I agree with Lubos that algebraic and geometric (or taken to extreme, topological) views are complementary and that both are necessary. I started from topological and geometric vision and number theoretic vision developed much later.

For instance, the leading idea in geometric approach that the geometry and spinor structure of "world of classical worlds" (WCW) is unique and therefore also physic described in terms of modes of WCW spinor fields. Infinite-dimensional isometry groups leave only imbedding space which are Cartesian products of flat or symmetric spaces and M^4 factor gives maximal conformal symmetries. There are still however many l options between which to choose.

What makes it unique reduces to the question what distinguishes M^4xCP_2 amongst other spaces of form M^4xS (and even more general imbedding spaces) besides the fact that standard model requires it. Here number theoretical vision is needed and classical number fields enter the picture.

Continuity-discontinuity question is very interesting. I see discretization as necessary correlate for finite measurement resolution and also for finite resolution of cognition. Algebraic extensions of rationals appear would the bridge between real physics and p-adic physics of cognition and algebraic physics describes the physics in the intersection between real and p-adic worlds, where life resides.

The discretization at space-time level appears as effective replacement of orbits of partonic 2-surfaces with braids and a connection with topological quantum field theories emerges from number theoretic constraint of p-adicization. What I call modified Dirac equation leads automatically with "periodic boundary conditions" leads to a localization of solutions to braids so that finite measurement resolution would be a feature of dynamics if one accepts that fermions make it possible to get information about geometry.

The symmetric space geometry for building blocks of WCW (all points of space metrically equivalent, generalization of cosmological principle) is also a prerequisite for the p-adicization of integration, one of the basic problems in constructing p-adic physics.

These diametric opposites of mathematics meet each other everywhere even in this infinitesimal glimpse to the richness of mathematics that the work with TGD have allowed me to gain.

2. Hi,

I agree with Lubos that algebraic and geometric (or taken to extreme, topological) views are complementary and that both are necessary.
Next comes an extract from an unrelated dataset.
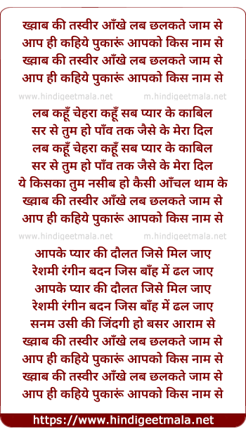Lyrics of Khwab Ki Tasveer - ख्व़ाब की तस्वीर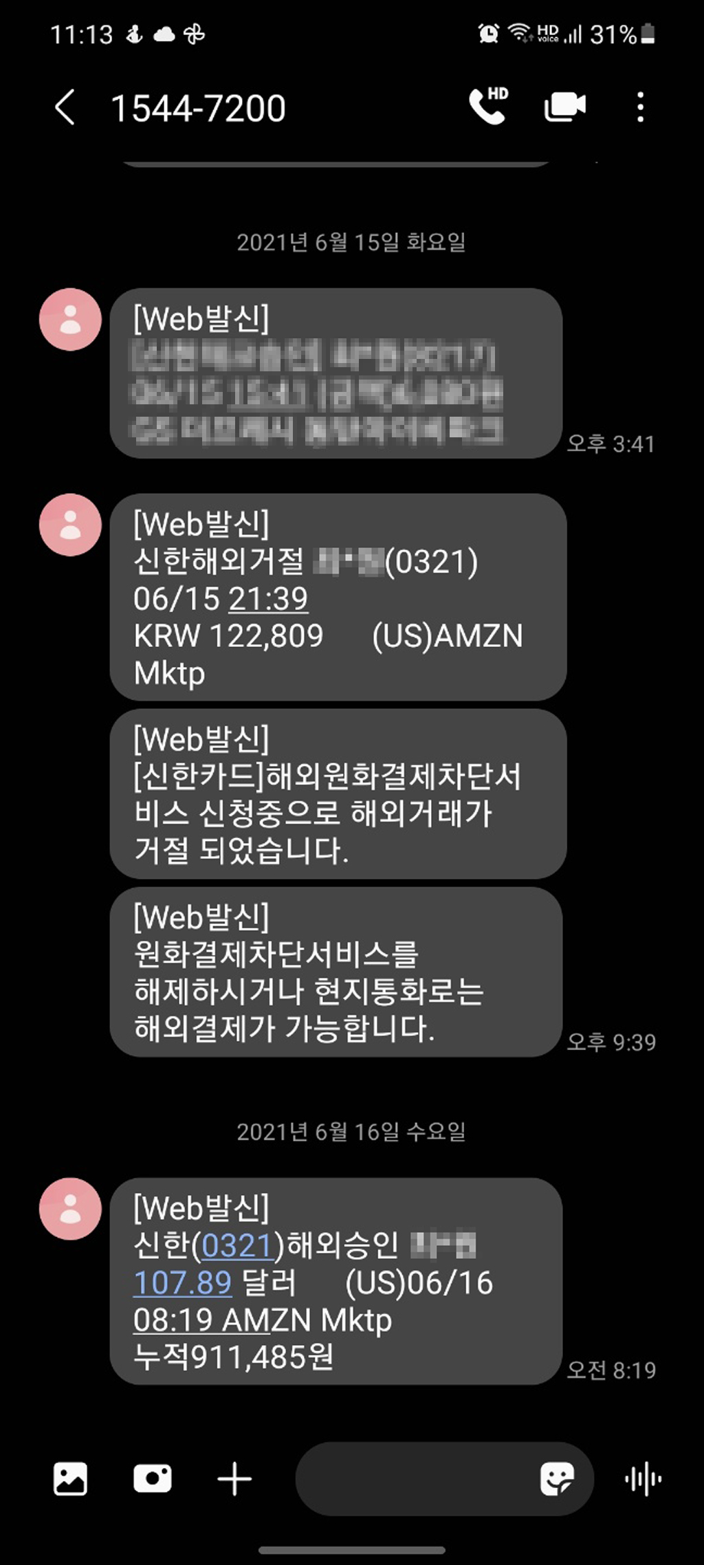 카드결제가 실패되었다는 문자가 다행스럽게 날아 왔네요. ㅋㅋ

I started from topological and geometric vision and number theoretic vision developed much later.

For instance, the leading idea in geometric approach that the geometry and spinor structure of "world of classical worlds" (WCW) is unique and therefore also physic described in terms of modes of WCW spinor fields. Infinite-dimensional isometry groups leave only imbedding space which are Cartesian products of flat or symmetric spaces and M^4 factor gives maximal conformal symmetries. There are still however many l options between which to choose.
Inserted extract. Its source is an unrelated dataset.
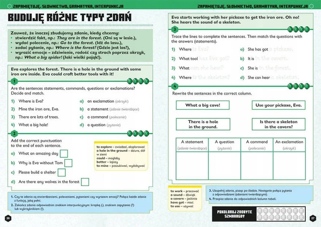 "Minecraft. Język angielski. Megazadania. 8+" to niezwykły zeszyt zadań do nauki języka angielskiego oraz zaproszenie do emocjonującej przygody w świecie Minecrafta. Książka przeznaczona jest dla dzieci w wieku powyżej 8 lat, ale z pewnością sprawi frajdę fanom gry w każdym wieku. Eksplorowanie kolejnych biomów, podejmowanie wyzwań i rozwiązywanie zagadek osadzonych w minecraftowym uniwersum to doskonała zabawa na 64 stronach i najlepsza forma nauki języka angielskiego, jaką można sobie wyobrazić! Wypełniając kolejne misje, dziecko ćwiczy umiejętności językowe. Książka ta jest doskonałym uzupełnieniem i rozszerzeniem materiału szkolnego, dzięki czemu rozbudza ciekawość językową dzieci i wzmacnia ich kompetencje oraz pewność siebie na gruncie języka angielskiego. W książce znajdują się zadania z zakresu różnych działów lingwistyki, takich jak: pisownia i wymowa, słownictwo, gramatyka, interpunkcja, a także komponowanie wypowiedzi. Wszystkie zagadnienia mają teoretyczne wprowadzenie w języku polskim oraz atrakcyjne zadania opracowane w języku angielskim, oparte na aktywnościach takich jak: rozwiązywanie krzyżówek, uzupełnianie luk w zdaniach, ćwiczenie pisania po śladzie, szukanie ukrytych słów w wykreślankach i wężach wyrazowych, tworzenie własnych wypowiedzi, opisywanie ilustracji. Słowniczki z listą wprowadzonych w danym rozdziale trudniejszych słów oraz polskie tłumaczenia poleceń zamieszczone u dołu strony sprawiają, że całość jest przystępna i niezwykle skuteczna. Za każde rozwiązane zadanie dziecko zdobywa szmaragdy, które na końcu książki może "wymienić" na nagrody. O odpowiedni poziom zaangażowania dba też wciągająca opowieść o przygodach Evy i Toma, towarzyszących czytelnikowi przez całą książkę. "Minecraft. Język angielski. Megazadania. 8+" to oficjalne wydanie na licencji Mojanga, a edycja polska powstała we współpracy z doświadczonym nauczycielem języka angielskiego i metodykiem nauczania wczesnoszkolnego. W serii ukazały się również "Megazadania" dla młodszych i starszych fanów Minecrafta: siedmiolatków i dziewięciolatków, a w przygotowaniu są także tomy dla dziesięcio-, jedenasto- i dwunastolatków. Polecamy także przeznaczoną dla tych samych grup wiekowych serię książek do nauki matematyki z Minecraftem: Minecraft. Matematyka. Megazania. 7+ Minecraft. Matematyka. Megazania. 8+ Minecraft. Matematyka. Megazania. 9+ Minecraft. Matematyka. Megazania. 10+ Minecraft. Matematyka. Megazania. 11+ Minecraft. Matematyka. Megazania. 12+ Zarówno seria matematyczna, jak i językowa to idealne połączenie ulubionej gry Minecraft i przyjaznej edukacji. Książki sprawdzą się jako mądry prezent na urodziny, imieniny, święta czy zakończenie roku szkolnego.

What makes it unique reduces to the question what distinguishes M^4xCP_2 amongst other spaces of form M^4xS (and even more general imbedding spaces) besides the fact that standard model requires it. Here number theoretical vision is needed and classical number fields enter the picture.

Continuity-discontinuity question is very interesting. I see discretization as necessary correlate for finite measurement resolution and also for finite resolution of cognition. Algebraic extensions of rationals appear would the bridge between real physics and p-adic physics of cognition and algebraic physics describes the physics in the intersection between real and p-adic worlds, where life resides. Continued in next posting....

3. I continue, with the continuity-discontinuity theme. The discretization at space-time level appears as effective replacement of orbits of partonic 2-surfaces with braids and a connection with topological quantum field theories emerges from number theoretic constraint of p-adicization. What I call modified Dirac equation leads automatically with "periodic boundary conditions" leads to a localization of solutions to braids so that finite measurement resolution would be a feature of dynamics if one accepts that fermions make it possible to get information about geometry.

The symmetric space geometry for building blocks of WCW (all points of space metrically equivalent, generalization of cosmological principle) is also a prerequisite for the p-adicization of integration, one of the basic problems in constructing p-adic physics.

These diametric opposites of mathematics meet each other everywhere even in this infinitesimal glimpse to the richness of mathematics that the work with TGD have allowed me to gain.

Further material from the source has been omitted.